[Data entries]
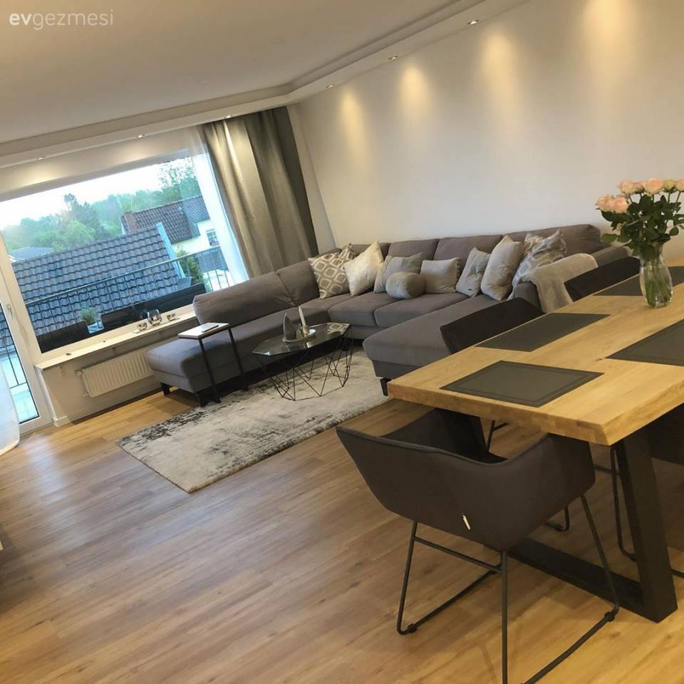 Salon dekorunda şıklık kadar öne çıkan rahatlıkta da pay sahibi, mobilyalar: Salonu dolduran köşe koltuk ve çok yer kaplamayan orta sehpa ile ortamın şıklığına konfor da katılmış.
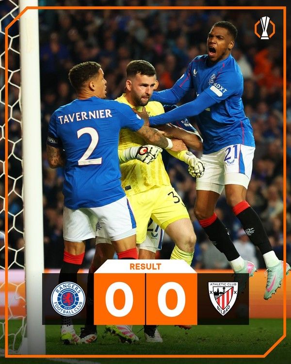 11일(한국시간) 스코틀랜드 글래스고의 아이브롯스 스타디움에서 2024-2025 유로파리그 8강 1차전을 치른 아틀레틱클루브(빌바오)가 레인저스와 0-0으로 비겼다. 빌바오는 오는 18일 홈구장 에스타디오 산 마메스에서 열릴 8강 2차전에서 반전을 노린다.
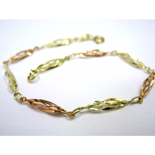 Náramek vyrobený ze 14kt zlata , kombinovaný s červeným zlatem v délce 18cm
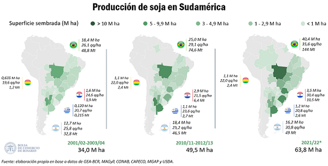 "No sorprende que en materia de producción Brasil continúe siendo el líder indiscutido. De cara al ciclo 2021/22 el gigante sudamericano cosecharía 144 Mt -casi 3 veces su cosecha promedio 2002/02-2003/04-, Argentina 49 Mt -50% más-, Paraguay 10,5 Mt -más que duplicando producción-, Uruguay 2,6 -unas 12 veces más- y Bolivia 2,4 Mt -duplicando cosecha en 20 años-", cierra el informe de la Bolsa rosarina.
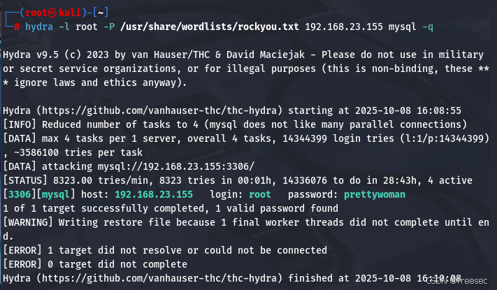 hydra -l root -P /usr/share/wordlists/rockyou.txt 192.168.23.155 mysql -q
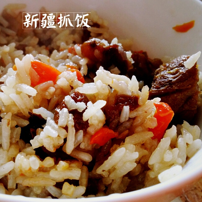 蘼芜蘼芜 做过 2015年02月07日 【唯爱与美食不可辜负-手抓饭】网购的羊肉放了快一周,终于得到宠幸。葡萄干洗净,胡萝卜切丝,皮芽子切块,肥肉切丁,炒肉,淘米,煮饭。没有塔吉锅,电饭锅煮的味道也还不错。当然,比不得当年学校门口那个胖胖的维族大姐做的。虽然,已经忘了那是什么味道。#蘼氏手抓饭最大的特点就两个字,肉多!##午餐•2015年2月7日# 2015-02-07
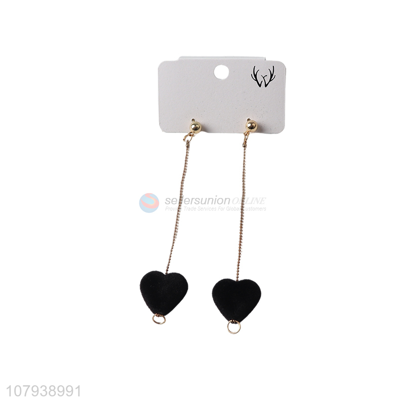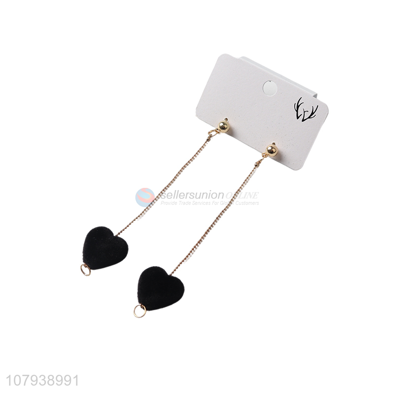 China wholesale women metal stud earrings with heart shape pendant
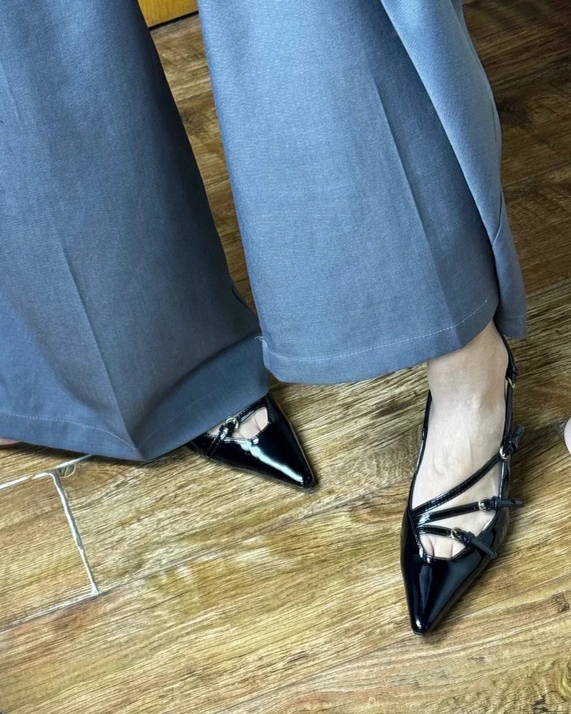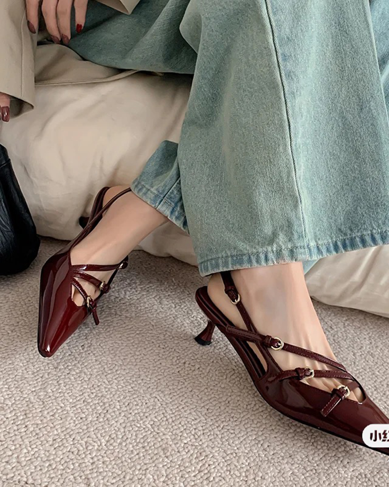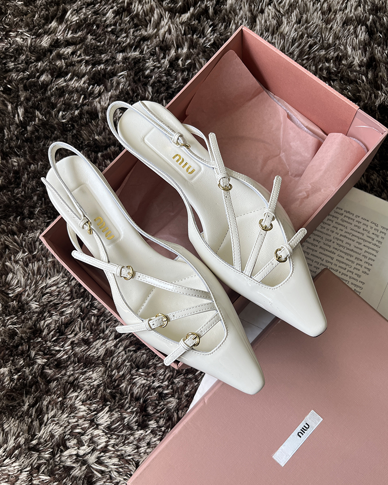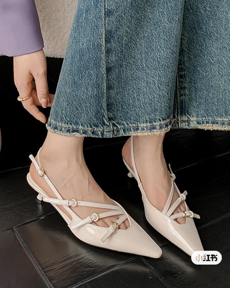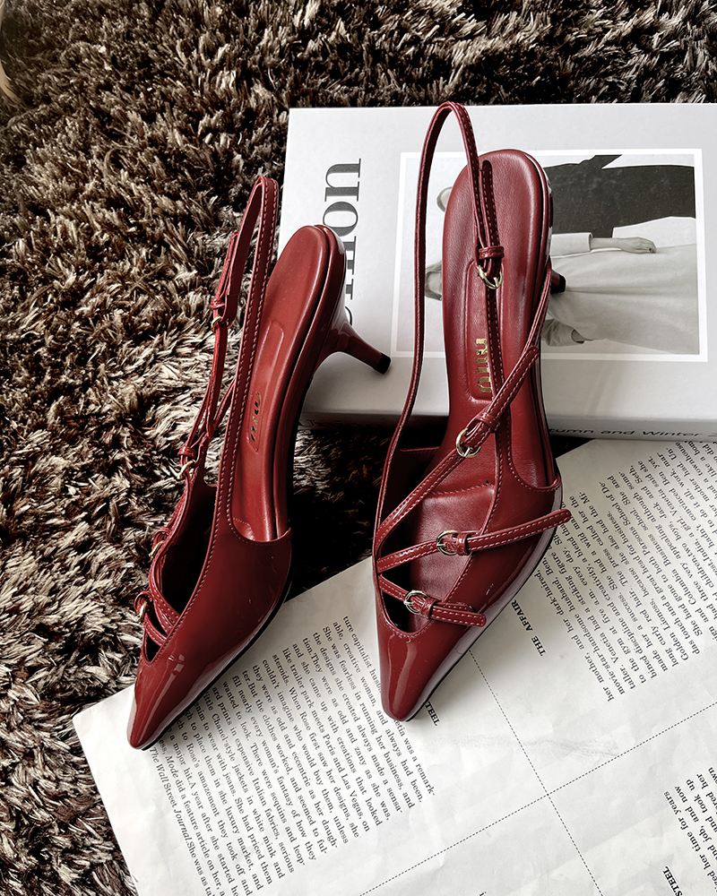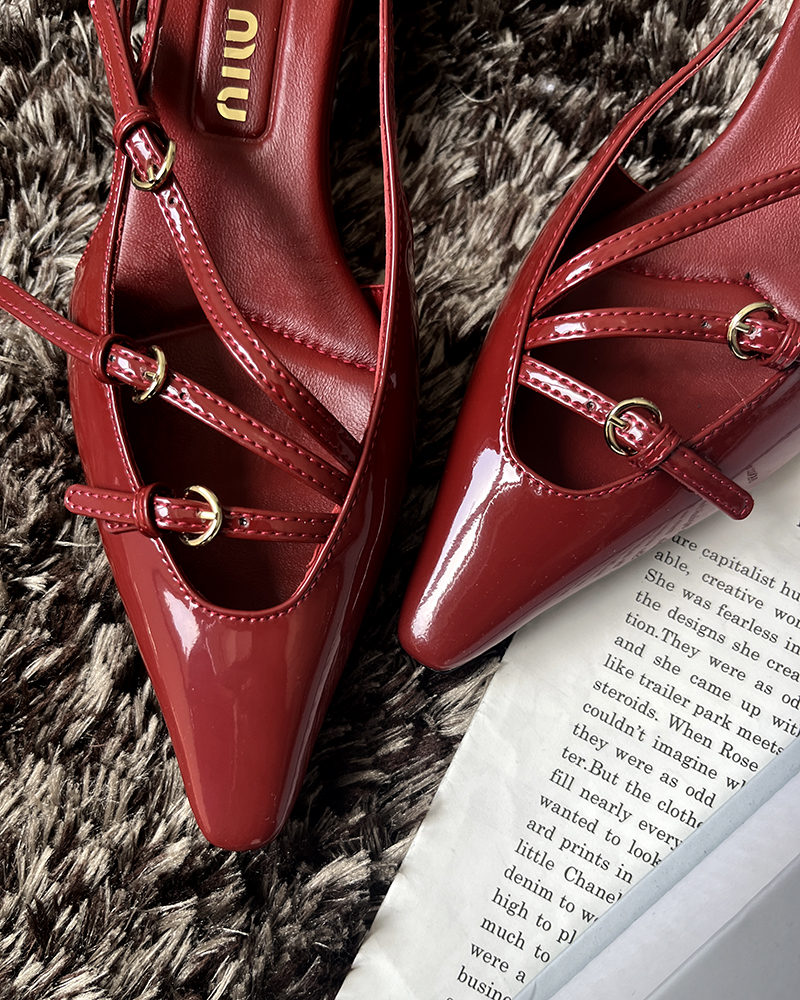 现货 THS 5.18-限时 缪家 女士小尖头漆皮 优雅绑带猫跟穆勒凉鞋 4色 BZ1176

### Work item
Only one thing is required here: an exact copy of the lines from the one bearing "11일(한국시간) 스코틀랜드 글래스고의" through the final line above, both included, with pictures left out.

### Solution to this task
 11일(한국시간) 스코틀랜드 글래스고의 아이브롯스 스타디움에서 2024-2025 유로파리그 8강 1차전을 치른 아틀레틱클루브(빌바오)가 레인저스와 0-0으로 비겼다. 빌바오는 오는 18일 홈구장 에스타디오 산 마메스에서 열릴 8강 2차전에서 반전을 노린다.
 Náramek vyrobený ze 14kt zlata , kombinovaný s červeným zlatem v délce 18cm
 "No sorprende que en materia de producción Brasil continúe siendo el líder indiscutido. De cara al ciclo 2021/22 el gigante sudamericano cosecharía 144 Mt -casi 3 veces su cosecha promedio 2002/02-2003/04-, Argentina 49 Mt -50% más-, Paraguay 10,5 Mt -más que duplicando producción-, Uruguay 2,6 -unas 12 veces más- y Bolivia 2,4 Mt -duplicando cosecha en 20 años-", cierra el informe de la Bolsa rosarina.
 hydra -l root -P /usr/share/wordlists/rockyou.txt 192.168.23.155 mysql -q
 蘼芜蘼芜 做过 2015年02月07日 【唯爱与美食不可辜负-手抓饭】网购的羊肉放了快一周,终于得到宠幸。葡萄干洗净,胡萝卜切丝,皮芽子切块,肥肉切丁,炒肉,淘米,煮饭。没有塔吉锅,电饭锅煮的味道也还不错。当然,比不得当年学校门口那个胖胖的维族大姐做的。虽然,已经忘了那是什么味道。#蘼氏手抓饭最大的特点就两个字,肉多!##午餐•2015年2月7日# 2015-02-07
 China wholesale women metal stud earrings with heart shape pendant
 现货 THS 5.18-限时 缪家 女士小尖头漆皮 优雅绑带猫跟穆勒凉鞋 4色 BZ1176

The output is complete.